■ **SOURCE DATA**
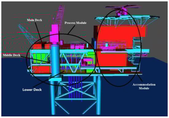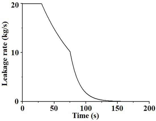 In this section, a fine geometric model of the target offshore platform is built based on the construction data (Figure 14). Generally, the ESD system and the blowdown system will start sequentially when there is an accidental gas release on offshore platforms. The leakage rate remains unchanged before the ESD starts. Then, the leakage rate decreases exponentially due to depressurization. The starting time of the ESD system and the blowdown system is 30 s and 80 s, respectively, after the gas release [21]. The transient leakage rate profile is calculated accordingly [16], as shown in Figure 15.
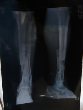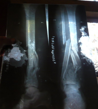 宋基福,男,江西省万载县三兴镇红旗村人,2004年在福建打工,后来以开出租摩托养家糊口。 2004年8月18日当天,和平常一样骑摩托车出门,不幸的是,当天发生了车祸,被另一辆摩托前轮撞到他的小腿, 导致右脚胫骨和腓骨多处骨折(从第一张X光片可以看出),另外,骨折处的肌肉和皮肤破坏得很严重, 整个右脚骨折处就大概剩下1/4正常皮肤,肌肉腐烂严重,属于严重的开放性骨折,其状况惨不忍睹!
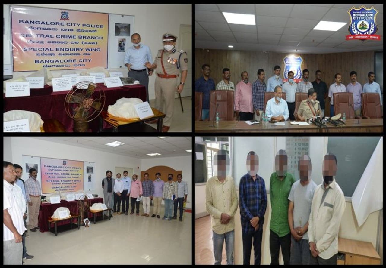 ಬೆಂಗಳೂರಿನ ಮಜೀಬ್ ಪಾಷಾ, ಮಹಮ್ಮದ್ ಮುನ್ನಾ, ಗುಲಾಬ್ ಚಂದ್ ಅಲಿಯಾಸ್ ಗುಡ್ಡು, ಸಂತೋಷ ಹಾಗೂ ಜಗನ್ನಾಥಾಚಾರ್ ಬಂಧಿತರಾಗಿದ್ದು, ಆರೋಪಿಗಳಿಂದ 80 ಕೆ.ಜಿ. ಅಂಬರ್ಗೀಸ್, ಬ್ರಿಟಿಷರ ಕಾಲದ ರೆಡ್ ಮರ್ಕ್ಯುರಿಯ 2 ತ್ರಾಮದ ಬಾಟಲ್, 1818ನೇ ಇಸವಿಯ ಸ್ಟೀಮ್ ಫ್ಯಾನ್ ಜಪ್ತಿ ಮಾಡಲಾಗಿದೆ. ಈ ಕಾರ್ಯಾಚರಣೆ ವೇಳೆ ತಪ್ಪಿಸಿಕೊಂಡಿರುವ ಪ್ರಮುಖ ಆರೋಪಿ ಪತ್ತೆಗೆ ತನಿಖೆ ನಡೆದಿದೆ ಎಂದು ಬೆಂಗಳೂರು ನಗರ ಪೊಲೀಸ್ ಆಯುಕ್ತ ಕಮಲ್ ಪಂತ್ ತಿಳಿಸಿದ್ದಾರೆ.
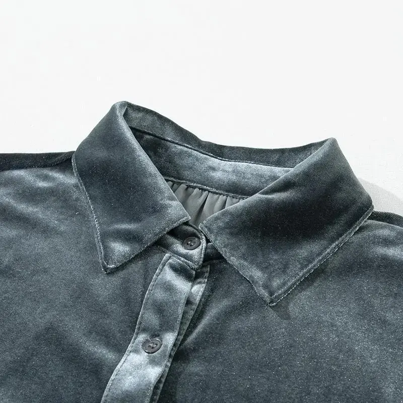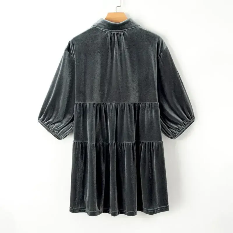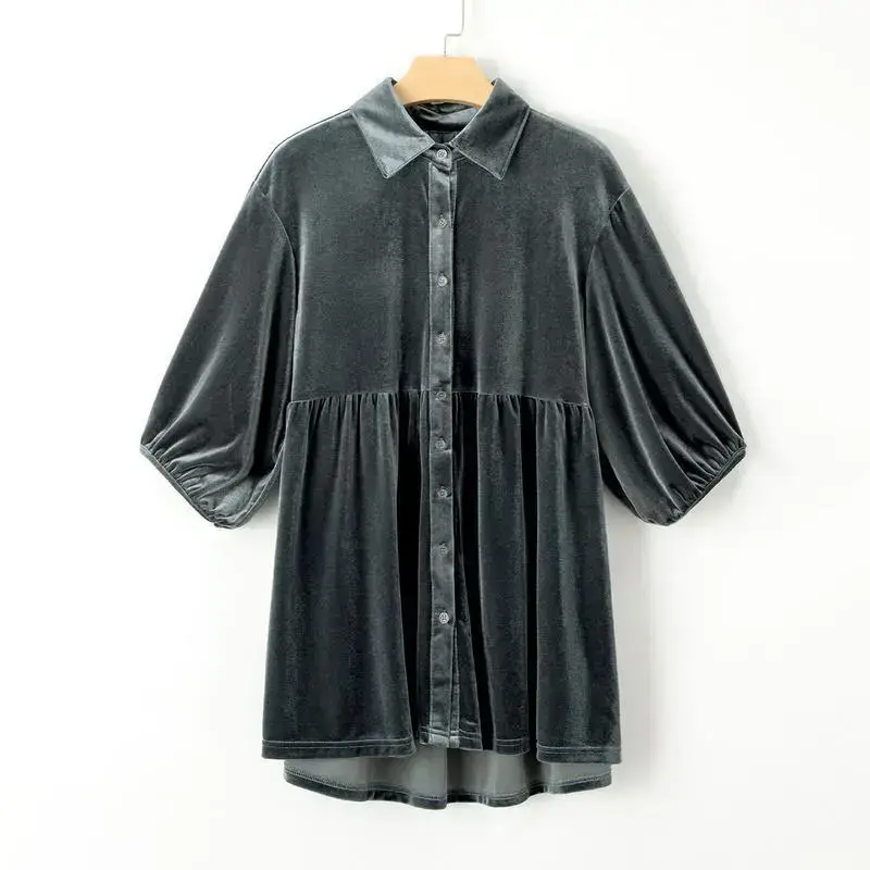 This velvet tunic shirt tops features a babydoll silhouette that flatters any body shape./It provides a comfy and relaxed fit style that accentuates your curves./The 3/4 sleeves add a touch of femininity and sophistication./A velvet dress can be styled as a top with leggings or simply as a mini dress./Elevate your wardrobe with the Velvet Tunic Dress! The design is simple yet elegant, making it a staple piece.You can pair with different accessories and outfits.Womens shirts dress are chic and appealing.

■ **ASSIGNED TASK**
Everything from the line with "ಬೆಂಗಳೂರಿನ ಮಜೀಬ್ ಪಾಷಾ, ಮಹಮ್ಮದ್" through the end of the listing above, both ends included, should be set down exactly; copy nothing else, and skip the pictures.

■ **PROBLEM SOLUTION**
 ಬೆಂಗಳೂರಿನ ಮಜೀಬ್ ಪಾಷಾ, ಮಹಮ್ಮದ್ ಮುನ್ನಾ, ಗುಲಾಬ್ ಚಂದ್ ಅಲಿಯಾಸ್ ಗುಡ್ಡು, ಸಂತೋಷ ಹಾಗೂ ಜಗನ್ನಾಥಾಚಾರ್ ಬಂಧಿತರಾಗಿದ್ದು, ಆರೋಪಿಗಳಿಂದ 80 ಕೆ.ಜಿ. ಅಂಬರ್ಗೀಸ್, ಬ್ರಿಟಿಷರ ಕಾಲದ ರೆಡ್ ಮರ್ಕ್ಯುರಿಯ 2 ತ್ರಾಮದ ಬಾಟಲ್, 1818ನೇ ಇಸವಿಯ ಸ್ಟೀಮ್ ಫ್ಯಾನ್ ಜಪ್ತಿ ಮಾಡಲಾಗಿದೆ. ಈ ಕಾರ್ಯಾಚರಣೆ ವೇಳೆ ತಪ್ಪಿಸಿಕೊಂಡಿರುವ ಪ್ರಮುಖ ಆರೋಪಿ ಪತ್ತೆಗೆ ತನಿಖೆ ನಡೆದಿದೆ ಎಂದು ಬೆಂಗಳೂರು ನಗರ ಪೊಲೀಸ್ ಆಯುಕ್ತ ಕಮಲ್ ಪಂತ್ ತಿಳಿಸಿದ್ದಾರೆ.
 This velvet tunic shirt tops features a babydoll silhouette that flatters any body shape./It provides a comfy and relaxed fit style that accentuates your curves./The 3/4 sleeves add a touch of femininity and sophistication./A velvet dress can be styled as a top with leggings or simply as a mini dress./Elevate your wardrobe with the Velvet Tunic Dress! The design is simple yet elegant, making it a staple piece.You can pair with different accessories and outfits.Womens shirts dress are chic and appealing.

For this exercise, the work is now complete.